United Nations Secretary-General Antonio Guterres on Monday called for a united global front to pressure Myanmar's military junta following the "absolutely unacceptable" weekend killings of more than 100 anti-coup protesters.

"It is absolutely unacceptable to see violence against people at such high levels, so many people killed, and such a stubborn refusal to accept the need to liberate all political prisoners and to make the country go back to a serious democratic transition," Guterres told a news conference.

At least 107 people -- including seven children -- were killed as security forces opened fire on anti-coup protesters Friday, in what has been said to be the bloodiest day since the coup started opening fire to the protestors. 

On Saturday the Junta staged a major show of might for its annual Armed Forces Day as the death toll from crackdowns since the coup climbed to at least 423, according to a local monitoring group.

Several international leaders have lambasted the army coup in strong-worded statements, and have vowed action to end the violence and hold the responsibility to account. 

"Today’s killing of unarmed civilians, including children, marks a new low.
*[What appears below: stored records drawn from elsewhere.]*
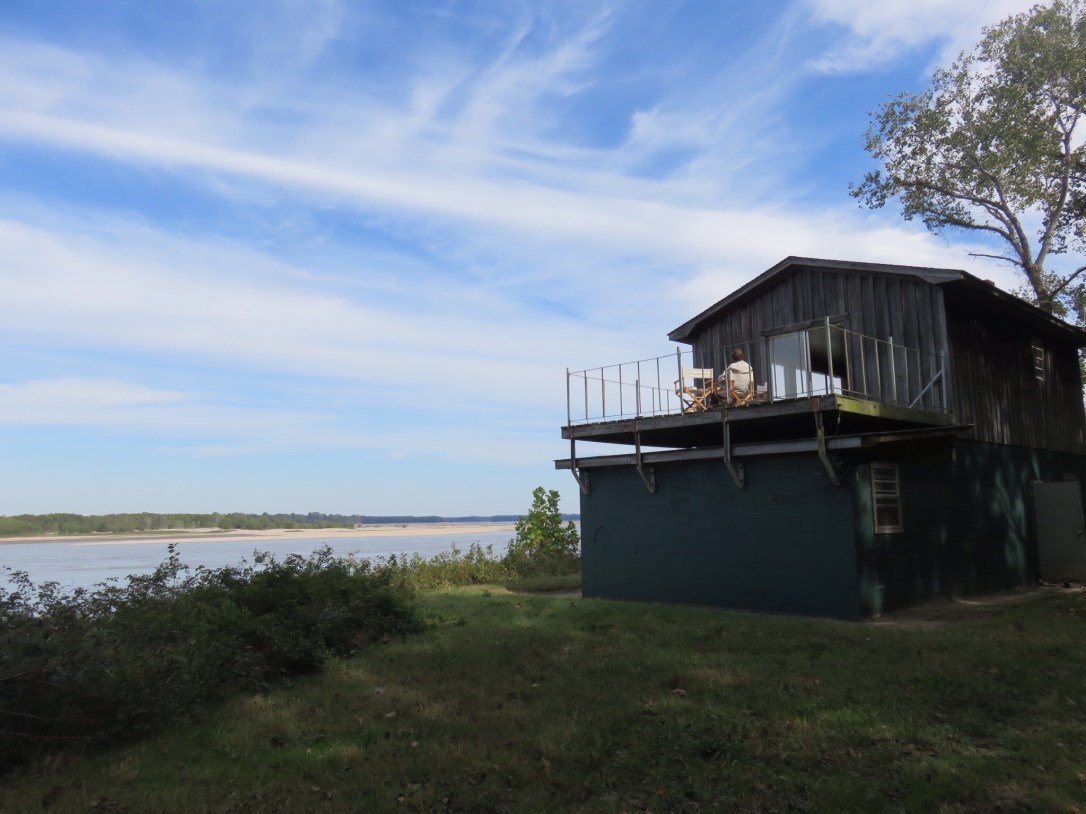 Today, on the other hand, is a completely difference experience. We awoke to no wind and blue cloud covered skies. Both of us were actually looking forward to rowing since we could take turns and not be fighting the wind. I took first shift and found myself rowing us at a consistent 6 knots. It hadn’t been 30 minutes when Kyle and I spotted the cutest little cabin on the river’s edge. This intrigued us because we hardly ever see any houses along the shore, especially just one on its own. We were checking it out when I heard someone shouting, unable to see him, but I made out the words, “Do y’all want to stop and visit for a bit?” Two minutes later we were approaching a sandy spot just below the cabin as a gentleman came walking down the hill. Mickey was his name, and what a nice man he was. He has been retired for 20 years and lives in Cleveland, Mississippi. Each morning he comes to his cabin on the river and reads and eats his lunch. Mickey showed us around the cabin and then asked if we wanted to sit on his deck and eat lunch together. I packed Kyle and I a quick lunch and we headed to his patio. What a fantastic visit and afternoon it was! He shared stories, asked questions, and Kyle and I did the same. We stayed for a couple hours before continuing on, but it was an impactful couple of hour. The fact that this man saw us from a far and asked if we anted to “visit” for a while is amazing. How often do you have a complete stranger ask if you want to sit down and do nothing but talk? Or let me ask that a different way, how often do you ask strangers if they want to visit? And how different would the world be if we did things like that more often? We, as humans, are all so uniquely different, we carry such different stories and experiences, but at the same time we are all similar. We enjoy companionship, conversation, and learning- so why not find that enjoyment in the people around you? We surround ourselves with our friends and family and people we have grown to trust and love, this is wonderful and shouldn’t change, but what if we expanded our circles? What if our circles began to intertwine and we shared our stories? I feel strongly that our worlds would begin to change and grow if we could learn to embrace the people around us, even if they aren’t in our circle. Anyway, my point is that he reached his hand out, and we grabbed it. And because of us being open to one another, Kyle and I have a new friend and Mickey has two new friends. It’s a marvelous life and I am thankful to have shared two hours of it with Mickey and Kyle on a small patio in a cozy cabin overlooking the river valley below. Thank you Mickey!
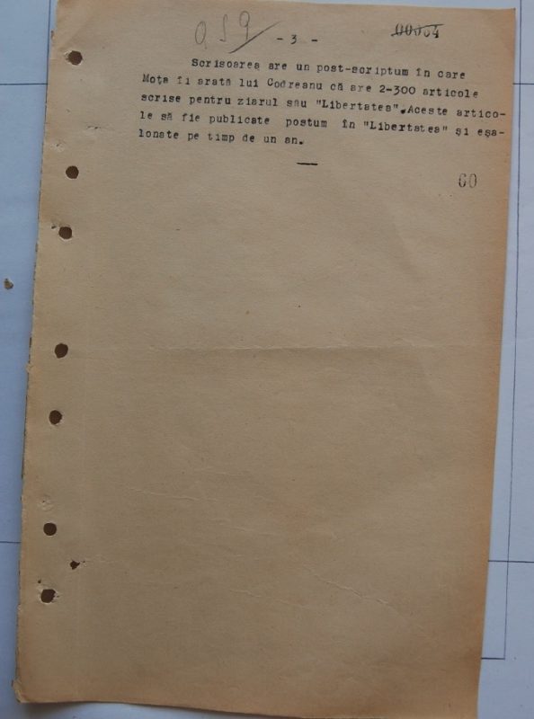 Cu concursul tau si lasând „Libertatii” sectorul operei ziaristice pe care o împlinea pâna acum în Legiune, – foaia e asigurata si familia mea are din ce trai. Te rog deci ajuta „Libertatii” sa traiasca.
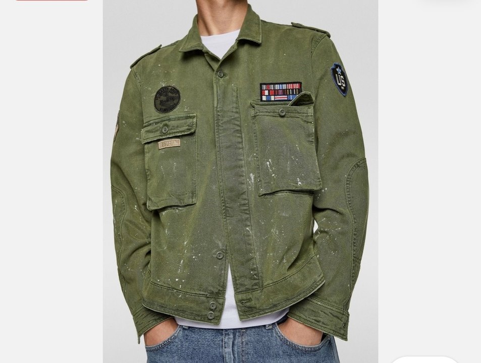 Düğmeli önü, haki renk parlak denim kumaş, kamuflaj desenli erkek ceket. Uzun kollu, normal kesim, yama detaylı cepleriyle grunge punk tarzı. Günlük kullanıma uygun.
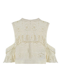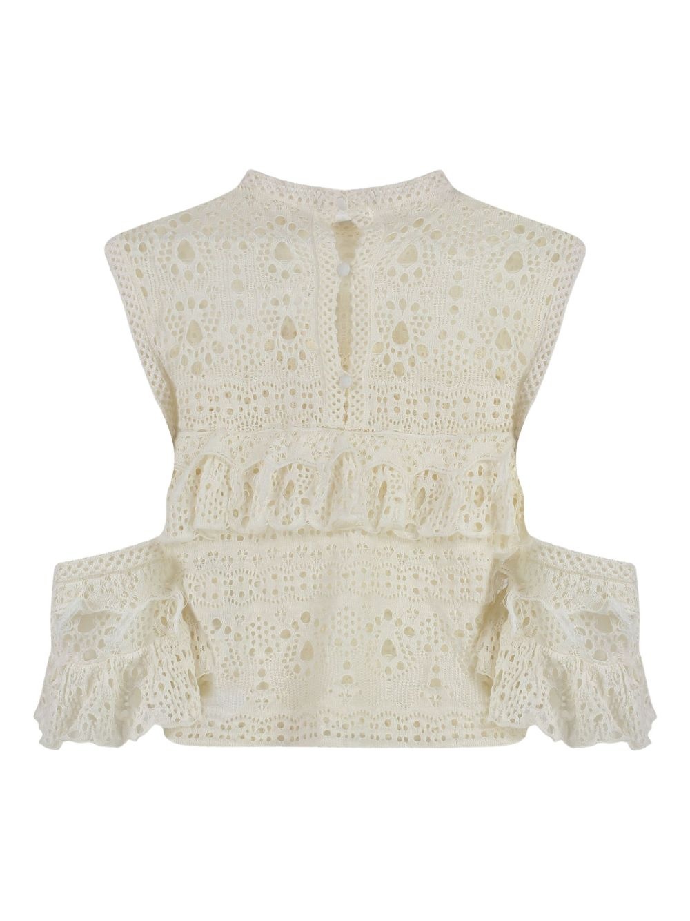 ruffled top Highlights - Cream - Ruffle trim - Button keyhole closure - Open shoulder design Made in Italy Composition Linen/Flax 75%, Cashmere 18%, Silk 7%
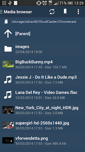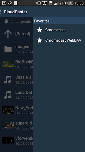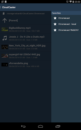 * Některé servery WebDAV nemusí podporovat přímé streamování do chromecast. Servery WebDAV s certifikáty SSL s vlastním podpisem nebudou určitě fungovat, protože Chromecast nepovoluje připojení. Poté však můžete streamovat prostřednictvím zařízení Android.

We will work with our international partners to end this senseless violence, hold those responsible to account, and secure a path back to democracy," British foreign secretary Dominic Raab said in a tweet. 

Myanmar's ambassador to the United Nations earlier called on India and the various states bordering Myanmar to provide shelter to the refugees in the wake of the humanitarian crises there. 

Undeterred by the coup's brutal forces Myanmar citizens continue to protest in different places of the nation, local media reports say.